___ Material to process ___
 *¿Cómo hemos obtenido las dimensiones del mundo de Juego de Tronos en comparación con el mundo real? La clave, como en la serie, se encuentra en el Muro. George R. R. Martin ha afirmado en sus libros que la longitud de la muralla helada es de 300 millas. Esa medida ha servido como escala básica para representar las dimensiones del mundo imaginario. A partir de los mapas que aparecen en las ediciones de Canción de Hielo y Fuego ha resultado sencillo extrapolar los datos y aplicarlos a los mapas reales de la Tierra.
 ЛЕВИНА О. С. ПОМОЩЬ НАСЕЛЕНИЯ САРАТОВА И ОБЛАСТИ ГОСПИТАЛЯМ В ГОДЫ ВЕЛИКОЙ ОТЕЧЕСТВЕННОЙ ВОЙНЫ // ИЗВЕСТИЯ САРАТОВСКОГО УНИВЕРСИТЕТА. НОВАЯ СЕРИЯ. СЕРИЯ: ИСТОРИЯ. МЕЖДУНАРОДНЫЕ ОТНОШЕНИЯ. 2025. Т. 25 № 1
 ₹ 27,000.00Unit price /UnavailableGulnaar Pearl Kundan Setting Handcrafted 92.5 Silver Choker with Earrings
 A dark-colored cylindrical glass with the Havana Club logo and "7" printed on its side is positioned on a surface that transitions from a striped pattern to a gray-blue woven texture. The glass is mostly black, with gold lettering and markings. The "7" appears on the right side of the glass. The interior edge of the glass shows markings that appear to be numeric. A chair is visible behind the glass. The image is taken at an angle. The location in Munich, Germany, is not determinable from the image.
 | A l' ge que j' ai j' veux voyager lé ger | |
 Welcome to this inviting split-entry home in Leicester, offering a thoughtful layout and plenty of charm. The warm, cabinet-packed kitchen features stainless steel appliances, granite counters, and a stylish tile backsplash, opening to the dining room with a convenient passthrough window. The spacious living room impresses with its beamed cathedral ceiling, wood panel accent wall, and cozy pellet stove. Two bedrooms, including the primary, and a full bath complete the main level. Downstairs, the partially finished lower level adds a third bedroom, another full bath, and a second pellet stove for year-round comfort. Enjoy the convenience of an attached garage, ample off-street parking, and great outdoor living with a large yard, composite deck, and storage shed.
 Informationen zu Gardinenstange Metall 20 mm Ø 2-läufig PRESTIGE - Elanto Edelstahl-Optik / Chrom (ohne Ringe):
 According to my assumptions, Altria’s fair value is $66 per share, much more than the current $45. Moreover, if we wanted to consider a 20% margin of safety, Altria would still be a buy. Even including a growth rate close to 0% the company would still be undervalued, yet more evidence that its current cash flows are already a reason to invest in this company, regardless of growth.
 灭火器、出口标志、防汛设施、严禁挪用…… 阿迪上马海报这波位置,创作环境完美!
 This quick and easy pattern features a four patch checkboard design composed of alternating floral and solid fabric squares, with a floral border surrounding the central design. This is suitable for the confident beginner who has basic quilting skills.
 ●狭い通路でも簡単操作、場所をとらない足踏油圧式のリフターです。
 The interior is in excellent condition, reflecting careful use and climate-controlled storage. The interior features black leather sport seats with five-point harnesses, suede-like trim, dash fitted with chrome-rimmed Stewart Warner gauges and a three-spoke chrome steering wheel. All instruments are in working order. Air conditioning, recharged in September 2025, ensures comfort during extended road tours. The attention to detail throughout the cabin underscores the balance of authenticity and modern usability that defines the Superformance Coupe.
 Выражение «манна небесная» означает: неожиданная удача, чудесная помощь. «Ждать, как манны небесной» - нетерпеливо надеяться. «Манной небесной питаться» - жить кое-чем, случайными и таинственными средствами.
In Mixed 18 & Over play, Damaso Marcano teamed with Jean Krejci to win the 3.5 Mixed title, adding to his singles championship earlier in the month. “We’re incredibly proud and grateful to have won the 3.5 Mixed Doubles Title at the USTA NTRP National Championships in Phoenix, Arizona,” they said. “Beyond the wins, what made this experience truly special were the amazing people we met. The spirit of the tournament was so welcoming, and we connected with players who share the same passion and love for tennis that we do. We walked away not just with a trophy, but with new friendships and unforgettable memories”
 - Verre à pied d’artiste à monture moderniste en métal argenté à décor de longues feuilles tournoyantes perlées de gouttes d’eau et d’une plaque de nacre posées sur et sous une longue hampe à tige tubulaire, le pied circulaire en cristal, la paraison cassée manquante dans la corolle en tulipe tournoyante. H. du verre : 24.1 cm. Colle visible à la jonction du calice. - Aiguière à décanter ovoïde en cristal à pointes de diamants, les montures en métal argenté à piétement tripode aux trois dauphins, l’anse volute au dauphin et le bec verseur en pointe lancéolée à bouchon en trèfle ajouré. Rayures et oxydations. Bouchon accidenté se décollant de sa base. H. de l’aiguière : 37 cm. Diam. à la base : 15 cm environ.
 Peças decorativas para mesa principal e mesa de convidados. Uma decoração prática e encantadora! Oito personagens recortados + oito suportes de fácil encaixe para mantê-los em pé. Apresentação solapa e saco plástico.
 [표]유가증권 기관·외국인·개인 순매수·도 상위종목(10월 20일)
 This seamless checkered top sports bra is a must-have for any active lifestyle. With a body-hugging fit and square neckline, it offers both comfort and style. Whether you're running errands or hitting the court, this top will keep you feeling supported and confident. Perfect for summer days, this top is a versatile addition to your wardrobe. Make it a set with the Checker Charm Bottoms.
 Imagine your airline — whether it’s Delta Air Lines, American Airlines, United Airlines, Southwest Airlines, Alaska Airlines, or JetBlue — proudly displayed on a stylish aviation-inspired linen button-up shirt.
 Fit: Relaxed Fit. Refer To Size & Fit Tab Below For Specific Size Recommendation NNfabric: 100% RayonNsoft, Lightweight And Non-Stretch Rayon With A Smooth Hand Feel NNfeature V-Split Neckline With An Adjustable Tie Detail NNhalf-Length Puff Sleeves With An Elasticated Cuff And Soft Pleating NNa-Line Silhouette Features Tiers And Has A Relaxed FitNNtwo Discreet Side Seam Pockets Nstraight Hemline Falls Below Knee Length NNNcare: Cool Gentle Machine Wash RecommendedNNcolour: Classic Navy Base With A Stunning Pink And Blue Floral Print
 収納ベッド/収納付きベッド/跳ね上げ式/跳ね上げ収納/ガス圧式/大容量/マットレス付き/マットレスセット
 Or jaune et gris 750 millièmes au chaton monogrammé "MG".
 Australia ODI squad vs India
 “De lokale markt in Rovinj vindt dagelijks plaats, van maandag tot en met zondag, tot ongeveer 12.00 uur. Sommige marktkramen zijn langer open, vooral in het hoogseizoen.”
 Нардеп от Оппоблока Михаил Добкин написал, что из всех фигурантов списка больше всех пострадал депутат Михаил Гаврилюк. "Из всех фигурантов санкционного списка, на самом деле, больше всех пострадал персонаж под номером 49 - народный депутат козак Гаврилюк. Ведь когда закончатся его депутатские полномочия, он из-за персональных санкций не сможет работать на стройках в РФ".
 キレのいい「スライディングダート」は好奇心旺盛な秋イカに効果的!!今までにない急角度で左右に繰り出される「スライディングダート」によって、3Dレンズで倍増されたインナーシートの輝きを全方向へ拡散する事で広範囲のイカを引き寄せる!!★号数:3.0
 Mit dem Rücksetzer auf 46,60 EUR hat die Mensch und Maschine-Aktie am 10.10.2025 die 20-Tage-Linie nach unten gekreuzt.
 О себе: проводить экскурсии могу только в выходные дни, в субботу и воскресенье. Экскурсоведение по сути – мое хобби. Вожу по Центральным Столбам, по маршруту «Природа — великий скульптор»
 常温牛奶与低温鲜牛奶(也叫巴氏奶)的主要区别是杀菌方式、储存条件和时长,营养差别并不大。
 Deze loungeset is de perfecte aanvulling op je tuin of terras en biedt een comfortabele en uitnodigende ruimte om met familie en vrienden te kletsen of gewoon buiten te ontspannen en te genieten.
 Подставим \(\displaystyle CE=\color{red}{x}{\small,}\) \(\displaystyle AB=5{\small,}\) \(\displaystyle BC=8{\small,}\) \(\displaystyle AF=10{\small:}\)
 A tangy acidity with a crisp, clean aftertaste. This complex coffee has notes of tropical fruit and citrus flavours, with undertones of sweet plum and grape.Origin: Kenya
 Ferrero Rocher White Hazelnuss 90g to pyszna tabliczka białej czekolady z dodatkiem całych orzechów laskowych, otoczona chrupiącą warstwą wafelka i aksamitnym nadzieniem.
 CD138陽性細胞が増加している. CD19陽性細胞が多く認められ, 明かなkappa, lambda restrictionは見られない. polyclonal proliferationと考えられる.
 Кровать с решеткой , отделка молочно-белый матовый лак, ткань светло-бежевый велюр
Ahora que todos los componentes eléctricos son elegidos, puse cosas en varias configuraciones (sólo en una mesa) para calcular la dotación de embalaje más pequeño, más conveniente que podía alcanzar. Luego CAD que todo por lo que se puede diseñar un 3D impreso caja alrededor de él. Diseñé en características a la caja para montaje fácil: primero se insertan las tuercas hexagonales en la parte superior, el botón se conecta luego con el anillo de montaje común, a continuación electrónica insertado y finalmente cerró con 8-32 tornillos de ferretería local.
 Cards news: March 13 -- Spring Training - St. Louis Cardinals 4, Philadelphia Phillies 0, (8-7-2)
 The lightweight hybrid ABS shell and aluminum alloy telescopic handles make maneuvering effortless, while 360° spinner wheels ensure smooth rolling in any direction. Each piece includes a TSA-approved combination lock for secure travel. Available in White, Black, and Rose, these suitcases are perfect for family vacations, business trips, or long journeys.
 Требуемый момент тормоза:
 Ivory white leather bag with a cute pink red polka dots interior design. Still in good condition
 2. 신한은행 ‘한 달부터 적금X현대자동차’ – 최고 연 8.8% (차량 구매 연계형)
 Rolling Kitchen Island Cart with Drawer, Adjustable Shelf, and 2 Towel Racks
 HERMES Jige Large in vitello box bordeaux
___
Restate word for word only the lines running from the beginning of the data to the line holding "Choker with Earrings", both included.

[Completed task]:
 *¿Cómo hemos obtenido las dimensiones del mundo de Juego de Tronos en comparación con el mundo real? La clave, como en la serie, se encuentra en el Muro. George R. R. Martin ha afirmado en sus libros que la longitud de la muralla helada es de 300 millas. Esa medida ha servido como escala básica para representar las dimensiones del mundo imaginario. A partir de los mapas que aparecen en las ediciones de Canción de Hielo y Fuego ha resultado sencillo extrapolar los datos y aplicarlos a los mapas reales de la Tierra.
 ЛЕВИНА О. С. ПОМОЩЬ НАСЕЛЕНИЯ САРАТОВА И ОБЛАСТИ ГОСПИТАЛЯМ В ГОДЫ ВЕЛИКОЙ ОТЕЧЕСТВЕННОЙ ВОЙНЫ // ИЗВЕСТИЯ САРАТОВСКОГО УНИВЕРСИТЕТА. НОВАЯ СЕРИЯ. СЕРИЯ: ИСТОРИЯ. МЕЖДУНАРОДНЫЕ ОТНОШЕНИЯ. 2025. Т. 25 № 1
 ₹ 27,000.00Unit price /UnavailableGulnaar Pearl Kundan Setting Handcrafted 92.5 Silver Choker with Earrings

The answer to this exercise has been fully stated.